COLORADO, USA — George Floyd’s death under the body of a former Minneapolis Police officer has yet to stop officers across the United States from using a dangerous restraint technique, according to an ongoing investigation by 9Wants to Know.
At least eight people have died under the knees, elbows and bodies of arresting officers since the May 2020 death of Floyd.
In all, 9Wants to Know has now identified 131 deaths that followed prone restraint since 2010. In many instances, officers lingered on the backs of people for multiple minutes after handcuffs were applied.
RELATED: PRONE: Facedown and handcuffed is no way to die, yet it keeps happening over and over again
As our investigation has shown, the U.S. Department of Justice warned law enforcement agencies across the country to get suspects off their stomachs “as soon as the suspect is handcuffed” due to the risk of positional asphyxia and sudden death.
According to a review of footage from dozens of body cameras, many officers remained on the backs of handcuffed individuals long after resistance had come to an end.
And while Floyd’s death prompted widespread outrage, it has yet to lead to widespread legal change when it comes to the restraint technique that, according to experts who testified against the officer now convicted of murder, led to Floyd’s death.
Watch the full PRONE investigation below.
The family of a man who died while held prone seven months after the death of Floyd hopes their story can do for other states what it already has done for California.
ANGELO QUINTO NUMBER 127
When Angelo Quinto watched the death of Floyd on the news in the spring of 2020, he recoiled in disgust.
“He had a really hard time watching it,” explained his sister Bella Quinto-Collins. “He felt a lot of pain.”
Seven months later, his family said, Antioch (California) Police officers remained on Quinto’s back after responding to a mental health call from his sister Quinto-Collins. A lawsuit filed by Quinto’s family alleges the officers' use of prolonged prone restraint caused the 30-year-old’s death.

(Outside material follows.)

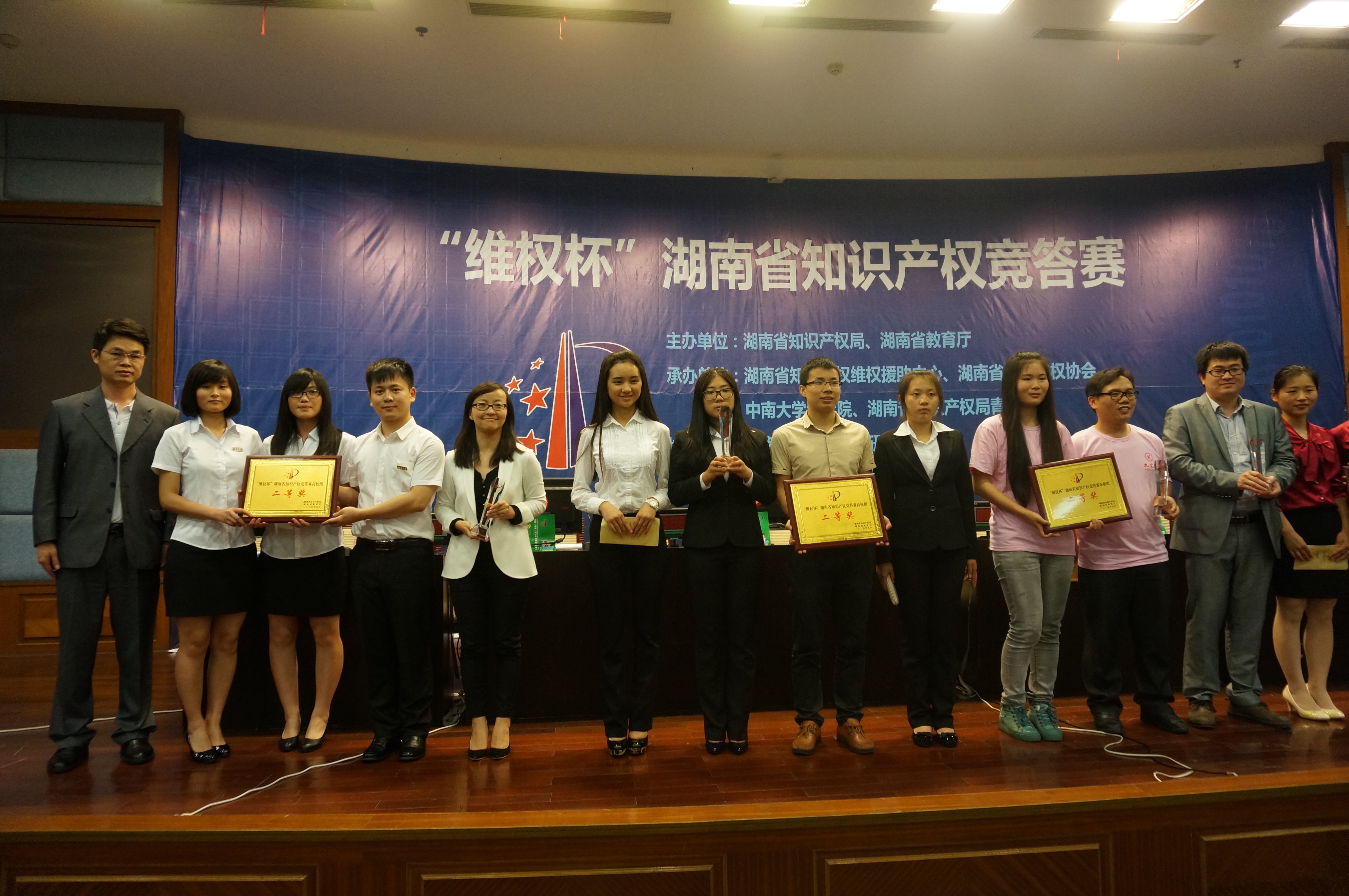 2015年5月23日,由湖南省知识产权局、湖南省教育厅共同主办的“维权杯”湖南省知识产权竞答赛决赛在中南大学校本部国际报告厅举行。伟德国际1949始于英国曹井超、刘玉荣、张正、胡尉红四位同学代表伟德国际1949官方网站参赛,在指导老师喻玲副教授带队下,经过激烈角逐,斩获高校组亚军。

“To think that a few months later, the same thing would happen to [Angelo] is completely heartbreaking, really,” Quinto-Collins said.
Antioch Police has denied responsibility for Quinto’s death, but that denial did not stop the California legislature from passing a law that now prohibits its officers from doing what they did to Quinto.

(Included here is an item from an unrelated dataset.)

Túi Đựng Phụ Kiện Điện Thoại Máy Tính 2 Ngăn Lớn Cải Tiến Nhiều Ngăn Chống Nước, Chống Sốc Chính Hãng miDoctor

Labeled the Angelo Quinto Act, the legislation prohibits “a law enforcement agency from authorizing techniques or transport methods that involve a substantial risk of positional asphyxia.”
California Gov. Gavin Newsom signed the bill into law in October.

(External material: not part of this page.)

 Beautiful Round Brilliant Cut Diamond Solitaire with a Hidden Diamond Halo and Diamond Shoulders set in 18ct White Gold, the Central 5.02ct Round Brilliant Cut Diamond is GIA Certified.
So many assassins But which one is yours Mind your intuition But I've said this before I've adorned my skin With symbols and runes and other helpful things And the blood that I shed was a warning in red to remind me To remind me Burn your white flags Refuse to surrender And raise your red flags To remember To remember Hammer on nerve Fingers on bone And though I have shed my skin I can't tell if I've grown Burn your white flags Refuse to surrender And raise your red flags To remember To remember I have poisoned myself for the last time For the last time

Only Nevada has a similar law in place. Colorado could consider legislation on prone restraint during next year’s session.
DEMETRIUS SHANKLING NUMBER 92
When a Boulder District Court judge sentenced two former deputies, James O’Brien and Adam Lunn, to six and three years in prison, respectively, she did something that has proven difficult to do with the vast majority of prone restraint deaths on our list.
RELATED: 'They made decisions not to follow the rules': Former deputies sentenced after manslaughter conviction
Earlier this year, a jury found O’Brien and Lunn guilty of manslaughter in the death of Demetrius Shankling.
In 2018, O’Brien and Lunn placed a handcuffed and facedown Shankling into a jail transport van. Prosecutors told the jury repeatedly that both had gone through training about the potentially deadly consequences of prolonged prone restraint.
“In this case, we were able to present a fairly significant amount of training for both officers that pertained to the risks of positional asphyxia,” Assistant District Attorney Ken Kupfner said. “Facedown and handcuffed behind the back was the position that they were repeatedly trained to get someone out of.”
While the prosecution of O’Brien and Lunn began before the death of Floyd, our investigation found more prosecutors willing to charge officers involved in prone restraint deaths following Floyd’s death.
Seven of the 131 deaths on our list have led to criminal prosecutions. Four have happened since the death of Floyd.